I’m quite familiar with this sentiment. I don’t know how many people I’ve heard say they can’t keep a certain food in the house because they’ll just eat it all at once. I also remember being in that place, where I felt like the instant even a tiny bit of sugar crossed my lips – a single M&M, or a fragment of cookie, perhaps – I would lose all control and eat as much as I could get my hands on.

And yet, hearing it on Friday gave me pause, likely because I’ve been learning more about eating disorders, which are so often about control, and that fear of not being able to stop. The more I thought about it, the sadder it made me, to realize how many people can’t imagine a world where it wouldn’t be about control but choice to have just one, or more.

It doesn’t help that our society and culture promote this idea. I well remember the Pringles slogan from when I was younger, “Once you pop you can’t stop, and the Lays’ ad that claimed, “No one can eat just one.”

Of course it’s in the interests of food companies to encourage people to think they truly can’t stop, because it means the company sells more of their product. But even if it helps their bottom line, it’s doing so much damage, in ways we don’t always see.

For instance, when I remember back to my younger, heavier days, the idea that I couldn’t control what I ate made me hate myself. I was wracked with guilt, constantly beating myself up for my lack of willpower, without quite realizing the ways in which I was being manipulated, first to expect that I couldn’t stop, and then to feel like I was a horrible person because of it.

When I think about how much this has changed for me, I consider what I might say to my younger self, to help her with this struggle. It’s hard, because I was so damaged and set in my ways of thinking and being that I might not have listened. But I could at least try and say, “Imagine that you can stop, that after you’ve had one, you might be satisfied.
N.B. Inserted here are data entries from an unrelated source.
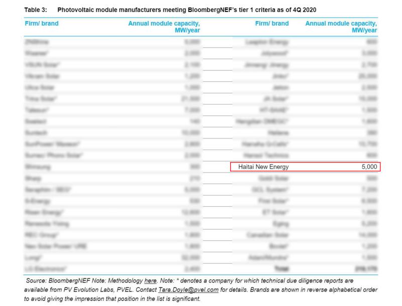 該評級體系分為三個等級,其中第一梯隊制造商的評判標準最為嚴格,企業須證明其能為六個不同項目提供自主品牌、自行生產的組件產品,且這些項目須獲得六家不同商業銀行的無追索權融資。由于Tier 1供應商評選資格嚴苛,常被作為公平客觀且極具可信度的參考資料運用于行業生產預測、主要競爭對手分析等行業分析中。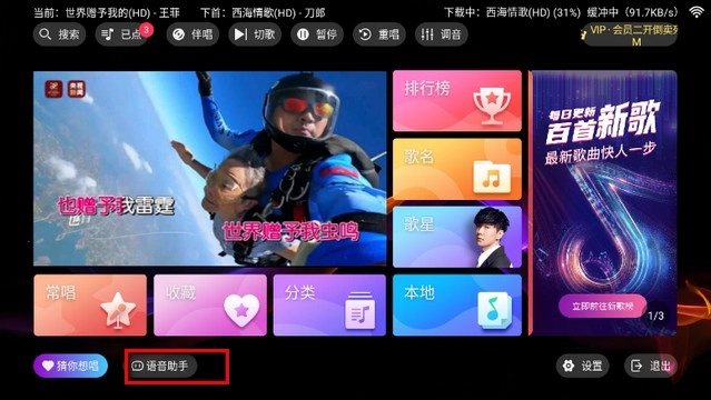 支持在电视端使用,可把家里的电视变成KTV终端来用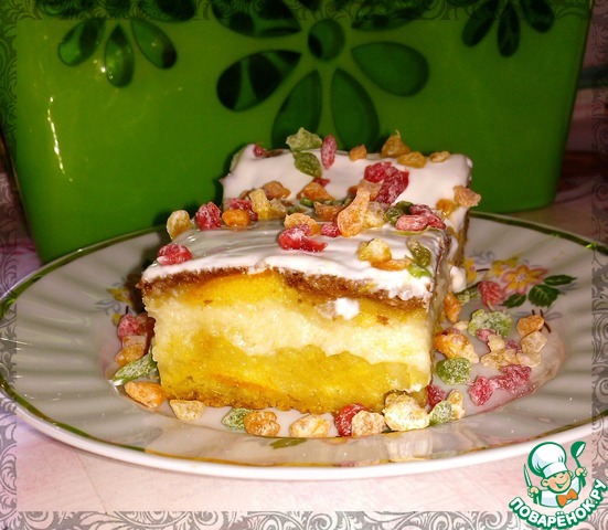 Внутри крем получается тягучим, не растекающимся. Манка в готовом блюде не чувствуется! Кто пробовал все отвечают, что торт с творогом:D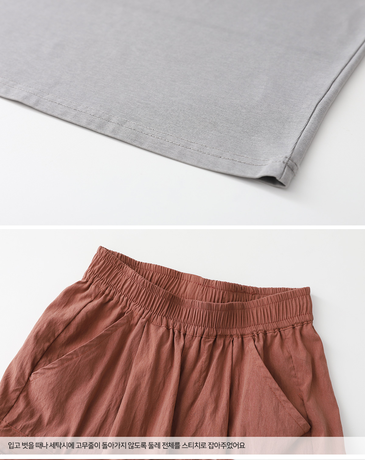 여유 있는 핏과 5부 기장으로 활동성이 좋아 편안하게 착용하기 좋아요.

Imagine, too, that maybe you aren’t satisfied and want another, but that’s how you feel, not how someone else is telling you how to feel. And consider that either option is okay – but mostly to realize that they are options, and it’s about choice, not control.”

Although I can’t actually say that to the younger me, I take some consolation in knowing now that it is true, and in the hope that maybe I can help others understand their own options and choices. I only wish we were not in a culture that makes this so hard to accept.